**PROBLEM**
Drop the images; return everything else in the listing below exactly.

___ AVAILABLE DATA ___

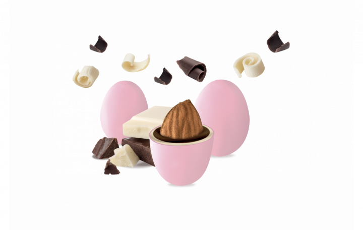 Mandorla tostata ricoperta da cioccolato fondente e bianco e da un sottile strato di zucchero.
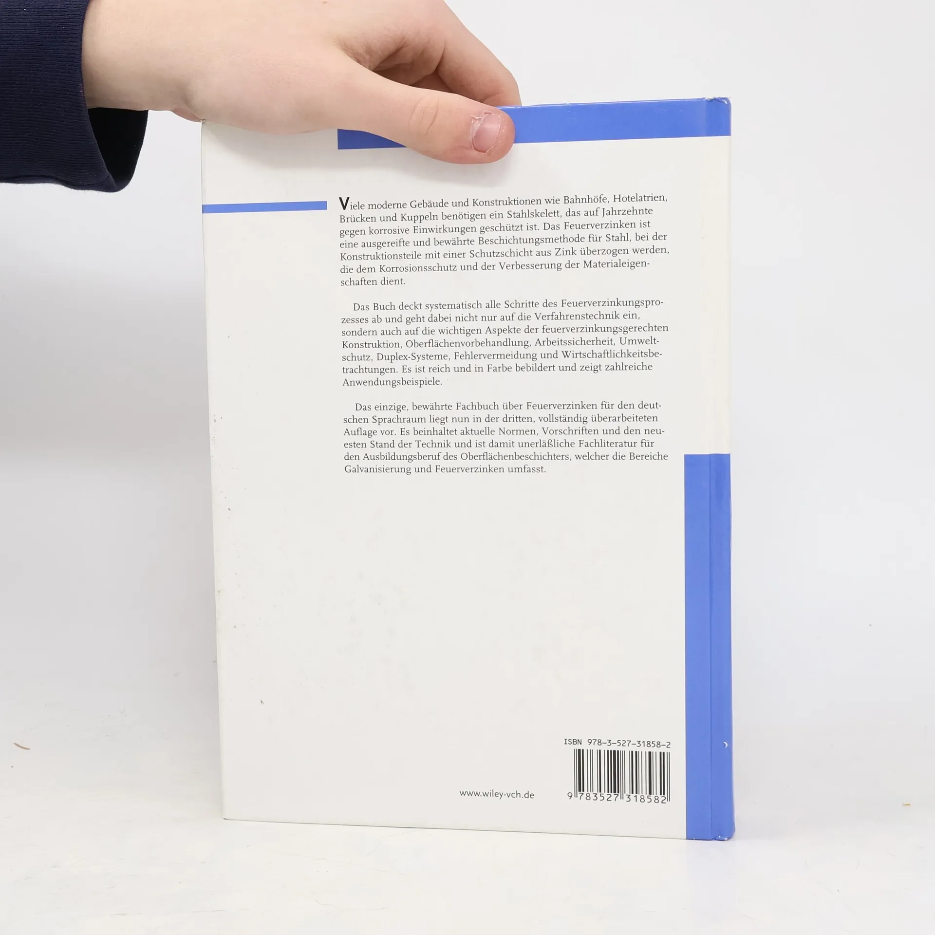 Viele moderne Gebäude und Konstruktionen wie Bahnhöfe, Hotelatrien, Brücken und Kuppeln benötigen ein Stahlskelett, das auf Jahrzehnte gegen schädliche Einwirkungen geschützt ist. Feuerverzinkung ist hierfür eine ausgereifte und bewährte Methode, deren Schutzüberzug aus Zink zuverlässig Stahlteile auf Jahrzehnte gegen schädliche Einwirkungen schützt. Das Buch deckt systematisch alle Schritte des Feuerverzinkungsprozesses ab und geht dabei nicht nur auf die Verfahrenstechnik ein, sondern auch auf die wichtigen Aspekte der feuerverzinkungsgerechten Konstruktion, Arbeitssicherheit, Umweltschutz, Duplex-Systeme und Wirtschaftlichkeitsbetrachtungen. Das Buch ist reich und in Farbe bebildert und zeigt zahlreiche Anwendungsbeispiele.
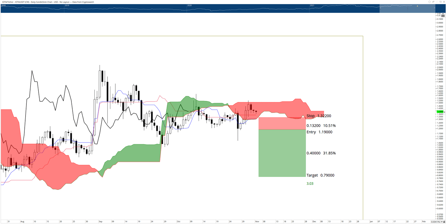 Significant support for IOTA price exists between$1.30 and $1.35. The Tenkan-Sen, Kijun-Sen, Senkou Span A, and 2021 Volume Point Of Control all reside within that price range. If support fails in that price range, then a potential short setup develops with an entry at a daily close near $1.19, a stop loss at $1.32 and a profit target at $0.79. A tight trailing stop would help limit any potential profit, especially as dip buyers may step in very soon after the entry is triggered.

___

**RESULT FOR THIS EXERCISE**
 Mandorla tostata ricoperta da cioccolato fondente e bianco e da un sottile strato di zucchero.
 Viele moderne Gebäude und Konstruktionen wie Bahnhöfe, Hotelatrien, Brücken und Kuppeln benötigen ein Stahlskelett, das auf Jahrzehnte gegen schädliche Einwirkungen geschützt ist. Feuerverzinkung ist hierfür eine ausgereifte und bewährte Methode, deren Schutzüberzug aus Zink zuverlässig Stahlteile auf Jahrzehnte gegen schädliche Einwirkungen schützt. Das Buch deckt systematisch alle Schritte des Feuerverzinkungsprozesses ab und geht dabei nicht nur auf die Verfahrenstechnik ein, sondern auch auf die wichtigen Aspekte der feuerverzinkungsgerechten Konstruktion, Arbeitssicherheit, Umweltschutz, Duplex-Systeme und Wirtschaftlichkeitsbetrachtungen. Das Buch ist reich und in Farbe bebildert und zeigt zahlreiche Anwendungsbeispiele.
 Significant support for IOTA price exists between$1.30 and $1.35. The Tenkan-Sen, Kijun-Sen, Senkou Span A, and 2021 Volume Point Of Control all reside within that price range. If support fails in that price range, then a potential short setup develops with an entry at a daily close near $1.19, a stop loss at $1.32 and a profit target at $0.79. A tight trailing stop would help limit any potential profit, especially as dip buyers may step in very soon after the entry is triggered.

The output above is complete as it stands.